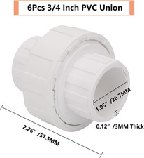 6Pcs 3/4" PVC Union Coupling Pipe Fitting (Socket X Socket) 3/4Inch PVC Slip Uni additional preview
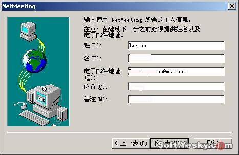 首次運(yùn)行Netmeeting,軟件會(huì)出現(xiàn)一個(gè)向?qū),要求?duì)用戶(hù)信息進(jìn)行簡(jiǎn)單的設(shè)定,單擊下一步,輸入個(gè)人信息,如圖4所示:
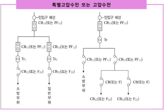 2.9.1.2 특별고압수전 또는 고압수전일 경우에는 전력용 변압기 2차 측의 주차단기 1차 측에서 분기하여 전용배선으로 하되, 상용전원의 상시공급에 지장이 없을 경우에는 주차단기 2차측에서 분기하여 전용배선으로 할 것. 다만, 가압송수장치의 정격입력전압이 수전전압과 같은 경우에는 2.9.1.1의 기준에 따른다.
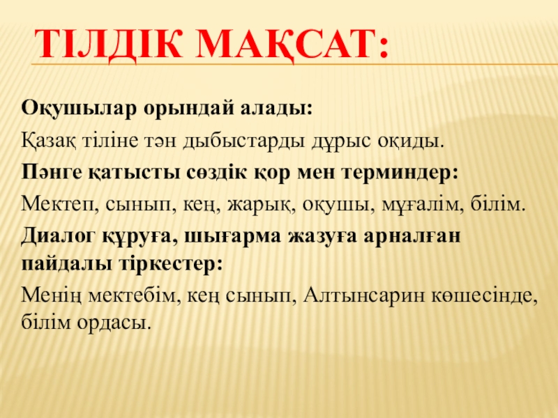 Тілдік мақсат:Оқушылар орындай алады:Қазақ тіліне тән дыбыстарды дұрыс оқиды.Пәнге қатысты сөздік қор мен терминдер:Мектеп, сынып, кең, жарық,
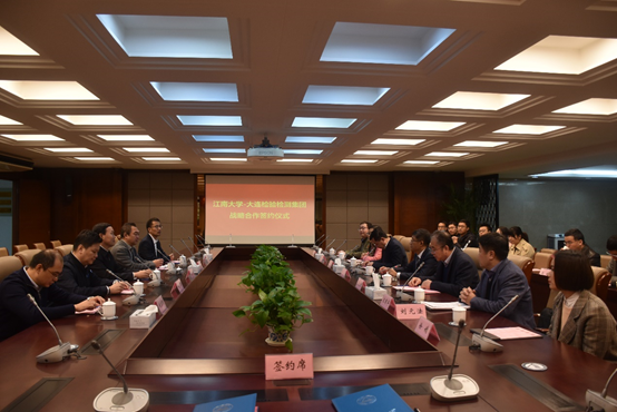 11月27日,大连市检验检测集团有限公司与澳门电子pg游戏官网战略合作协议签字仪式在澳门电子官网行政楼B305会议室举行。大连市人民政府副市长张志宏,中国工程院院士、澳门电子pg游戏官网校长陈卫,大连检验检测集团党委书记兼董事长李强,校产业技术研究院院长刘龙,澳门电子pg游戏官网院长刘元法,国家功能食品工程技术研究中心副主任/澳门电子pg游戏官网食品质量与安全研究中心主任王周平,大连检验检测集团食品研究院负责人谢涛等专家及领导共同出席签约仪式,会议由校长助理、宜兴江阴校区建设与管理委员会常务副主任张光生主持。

********

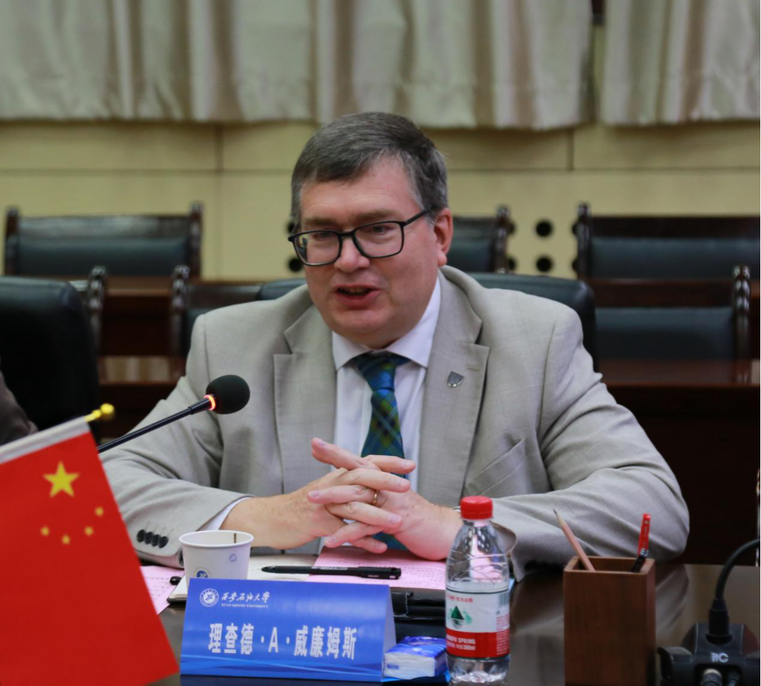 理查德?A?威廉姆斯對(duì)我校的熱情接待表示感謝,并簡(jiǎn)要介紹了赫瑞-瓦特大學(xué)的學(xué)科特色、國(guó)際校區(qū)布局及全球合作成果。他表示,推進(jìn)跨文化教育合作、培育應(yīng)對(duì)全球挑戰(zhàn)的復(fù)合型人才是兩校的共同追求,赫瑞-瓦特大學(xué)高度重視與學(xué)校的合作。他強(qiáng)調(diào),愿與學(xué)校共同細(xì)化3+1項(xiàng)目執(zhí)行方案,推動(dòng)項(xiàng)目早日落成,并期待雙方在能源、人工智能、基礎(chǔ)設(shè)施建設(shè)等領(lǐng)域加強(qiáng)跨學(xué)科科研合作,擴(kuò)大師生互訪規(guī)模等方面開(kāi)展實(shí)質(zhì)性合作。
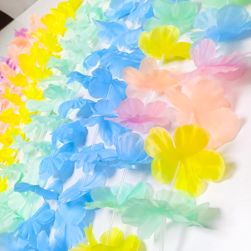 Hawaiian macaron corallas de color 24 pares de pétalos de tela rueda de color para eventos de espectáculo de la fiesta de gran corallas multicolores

********

Nothing but the lines from the one containing "Uni additional preview" through the one containing "首次運(yùn)行Netme" should appear, copied exactly from the material above and without pictures.

TASK RESULT:
 6Pcs 3/4" PVC Union Coupling Pipe Fitting (Socket X Socket) 3/4Inch PVC Slip Uni additional preview
 首次運(yùn)行Netmeeting,軟件會(huì)出現(xiàn)一個(gè)向?qū),要求?duì)用戶(hù)信息進(jìn)行簡(jiǎn)單的設(shè)定,單擊下一步,輸入個(gè)人信息,如圖4所示:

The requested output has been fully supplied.